難題だが考えるべき“人生の時間の使い方”

去年BSの特集番組で米寿を迎えた森光子さんのインタビュー番組があった。、そのとき森さんが日野原重明さんについて「先生は何を言い出すかわかんない方なの」と驚嘆していた。
間もなく100歳を迎える日野原さんの健啖ぶりには舌を巻く。
日野原さんは、自身の転機は、よど号ハイジャック事件に遭遇し、無事に帰還した58歳のときだと振り返る。もう40年も前になる。
同氏が命とはなにかをつきつめる。「命とは自分が使える時間」「死と生は別のものではなく、同じ水平線に続いているものです」「これからの私の人生は、与えられたものだと思いました」と語る。

そして全国の小学校を訪れ、人はどのように生きるかを伝えて歩いている。≪命の授業≫である。
『命はどこにありますか? 命は目に見えません。本当に大切なものは目に見えないものが多いのです』と語りかけ、『命とは自分が使える時間です。その時間を少しでも自分以外の人のために使うことを、これからは考えていって下さい」と結ぶ。
「時間」は古来、多くの哲学者が取り組んできた厄介なテーマだ。が、「時間」とどのように取り組むかで、人の生き方の豊かさが決まってくることだけは間違いないようだ。
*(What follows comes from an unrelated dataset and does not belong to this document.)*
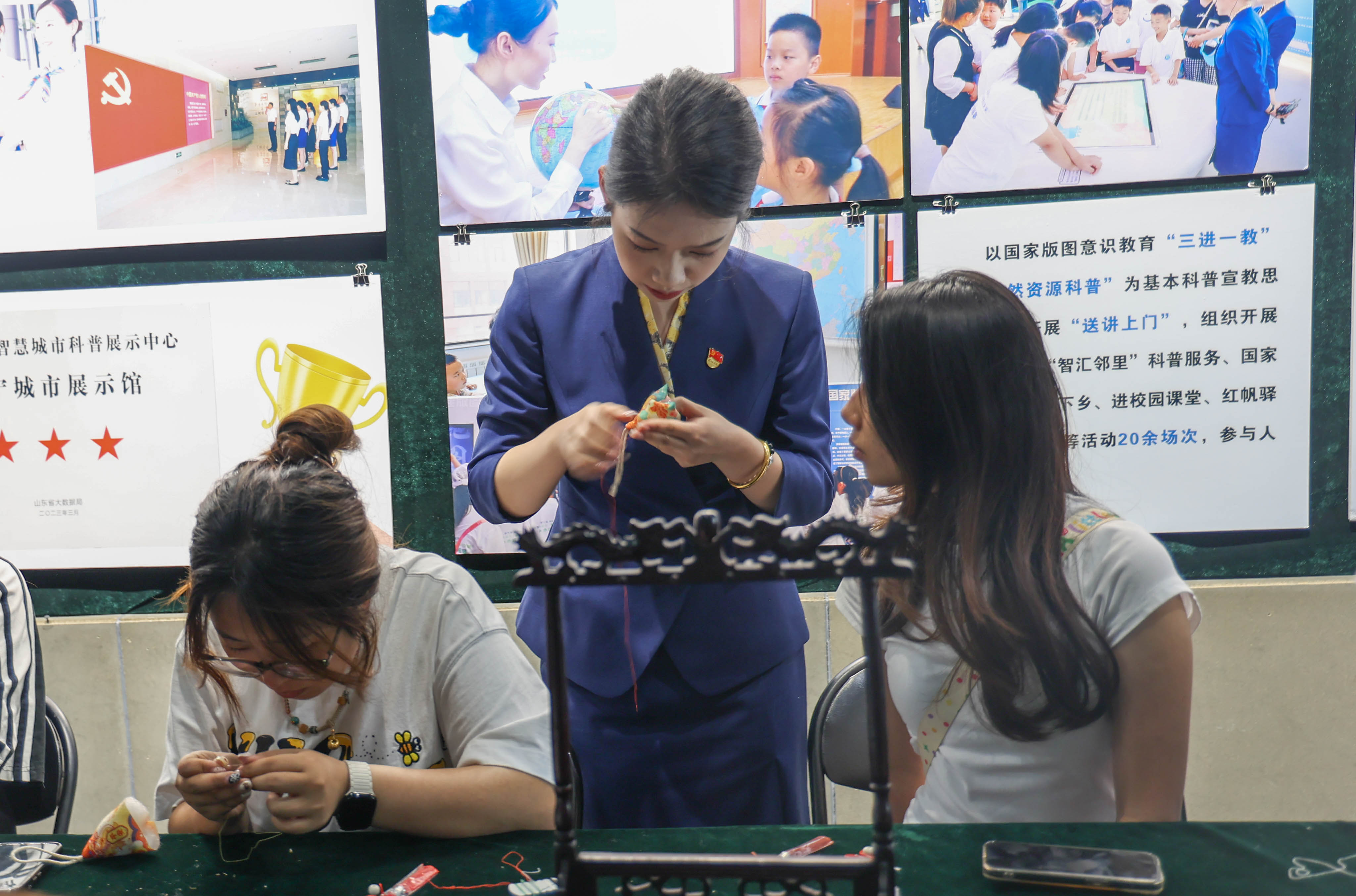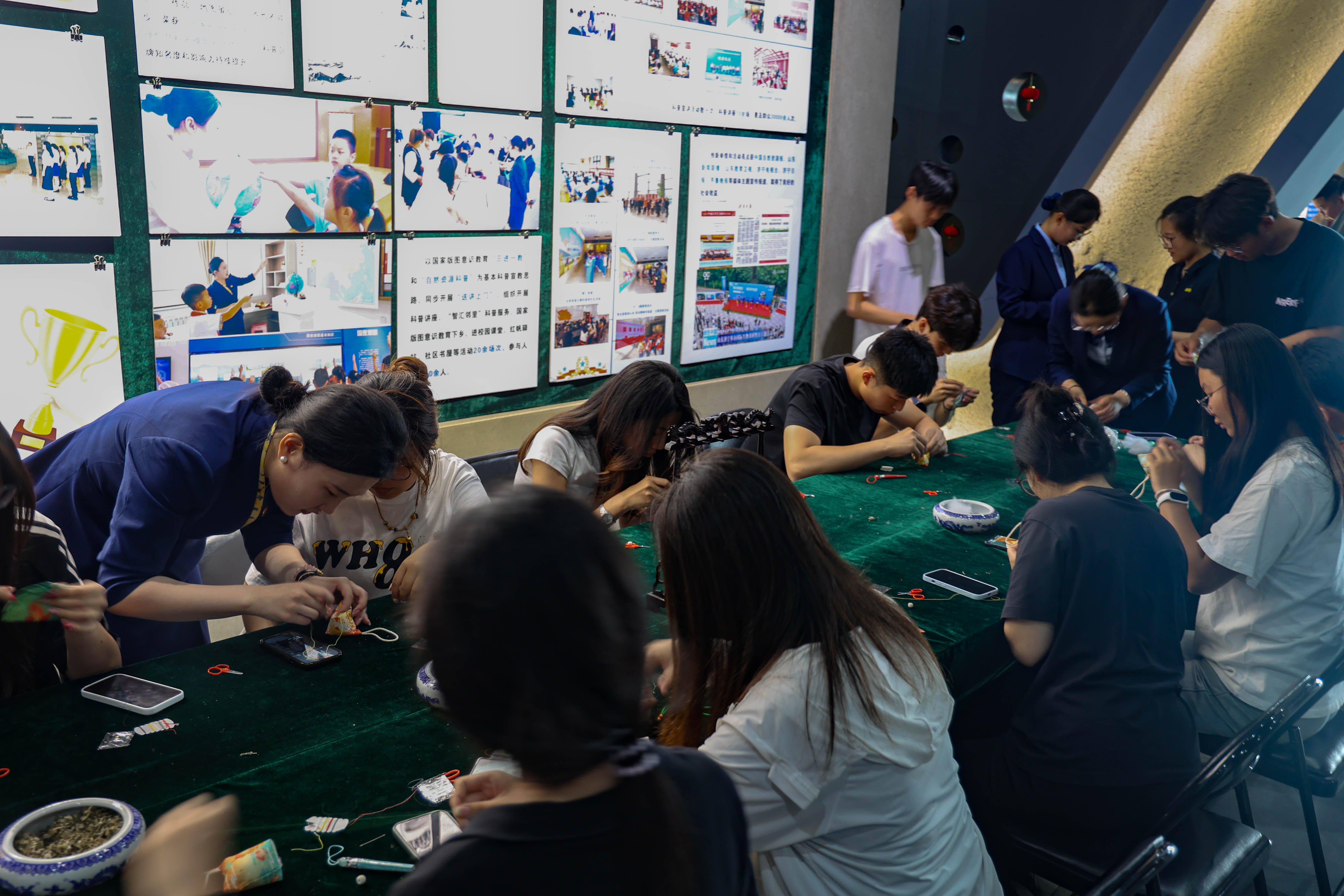 恰逢世界环境日临近,宣讲团队巧妙结合节日契机,为青年学子们带来了生动的自然资源知识科普,引导青年思考传统文化中蕴含的可持续发展,为活动奠定了“古今对话、绿色传承”的基调。步入展示馆,通过3D影院、图文写真、数字沙盘等现代化展陈手段,沉浸式了解了济宁深厚的文化底蕴和“现代新城”的规划蓝图。在城市讲堂内,从屈原精神、龙舟竞渡到香囊驱疫,解读了节日背后深厚的家国情怀与民俗智慧。移步至民俗文化展厅,瞬间变身为热闹的传统手作坊,青年学子兴致盎然地体验香囊制作与五彩绳编织,馆内洋溢着传统文化与青春活力交融的动人气息。

日野原先生は、年齢を重ねるほど、真理がはっきり感得され、勇気がわいて、自由になってゆくと言われるが、我輩みたいな“ひよっこ”にはかかる境地はるか彼方の闇の中にある。
闇と云えば、「宇宙の基本が闇であるように、私たちの暮らしの基本も、実は混沌たる闇にあります。私たちの暮らしが基本が光にあると思うのは錯覚で、私たちの知っていることは余りにも少なく、知らないで闇に覆われているいるとことは余りにも多い」と天声人語の元筆者辰濃和男氏は述べている(『私の好きな悪字』より)

ご多聞にもれず闇の中にいる我輩だが、それでも、若者相手に話さなきゃなならないことがよくある。
我輩は心を込めて語りかけたい--「人は自分以外のもののために働いている時、そしてそこに自分がいなければ困るということを感じたとき、最大限の力を発揮できるはずだ」
先の日野原先生ではないが、≪時間を少しでも自分以外の人のために使う≫ことの大切さを実感しつつある。